Meanwhile, Headwaters Inc. (The Head of Three Rivers Project) conducted its own tests today. A team of samplers from the project collected water from the North Fork of the Kentucky River and from the county and city water systems. The samples were taken to a laboratory for independent analysis.
The city has been without usable water since Saturday after petroleum contamination was discovered in the North Fork of the Kentucky River, and in the city water system. The contamination is coming from a site between the Whitesburg Plaza Shopping Center and Cornerstone Church, and behind Lee’s Famous Recipe in the Ermine section of the city. Heavy equipment was on the site today digging soil from the riverbank. A boom used to control oil slicks could be seen stretched across the river just downstream of the site.
Headwaters Inc.’s board of directors decided Wednesday night to do its own independent tests after officials said it could be as much as a week before the water was usable. After a fundraising appeal this morning, The Sierra Club Water Sentinals offered to pay for lab fees and several private donors chipped in for incidental sampling costs. A team of samplers from Headwaters tested sites in the North Fork upstream and downstream of the contamination, and upstream of the Blackey Water Treatment Plant. The team also sampled tap water from three locations in the Blackey-Isom area and from four locations in Whitesburg.
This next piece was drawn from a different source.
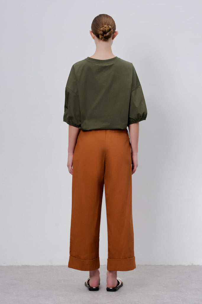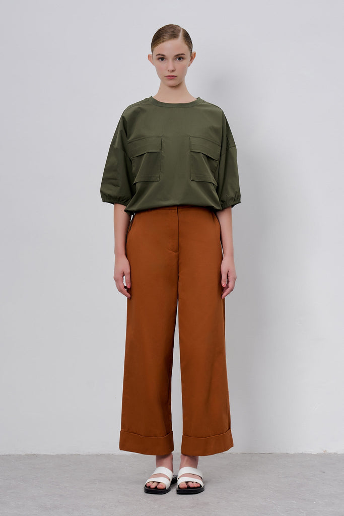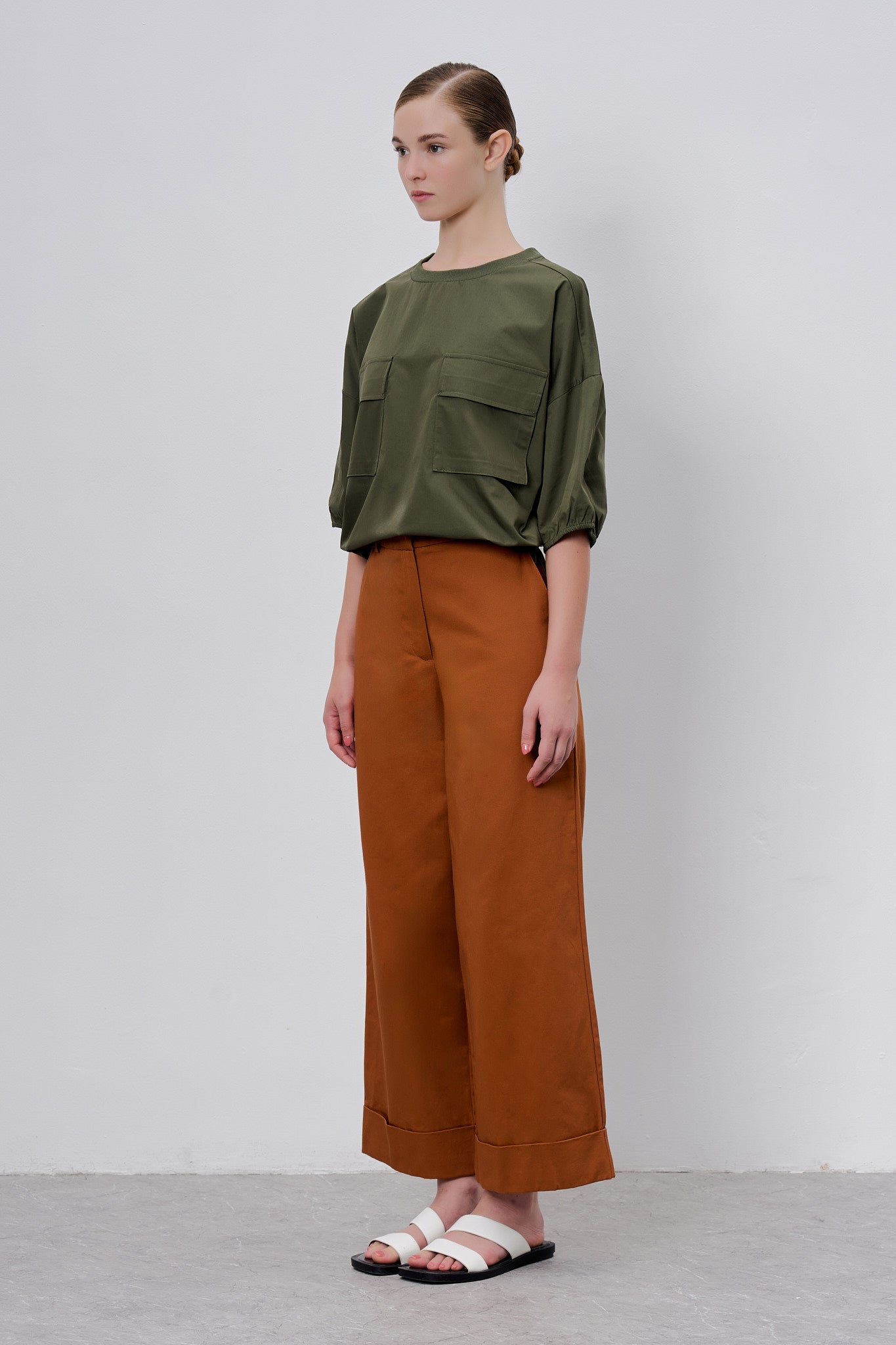Billowing gracefully with each step, our wide-leg trousers evoke a timeless sense of sophistication and flair. Experience the epitome of style and comfort, while elevating your everyday look with a flattering silhouette.

The laboratory will test the samples for gasoline range organics and diesel range organics, and the results are expected to be available mid-week next week. Headwaters has committed to posting the information on this blog, and to providing it to the news media, no matter what the results.
The water problems were frontpage news in The Lexington-Herald Leader today, and The Associated Press is also now announcing the lifting of the advisory.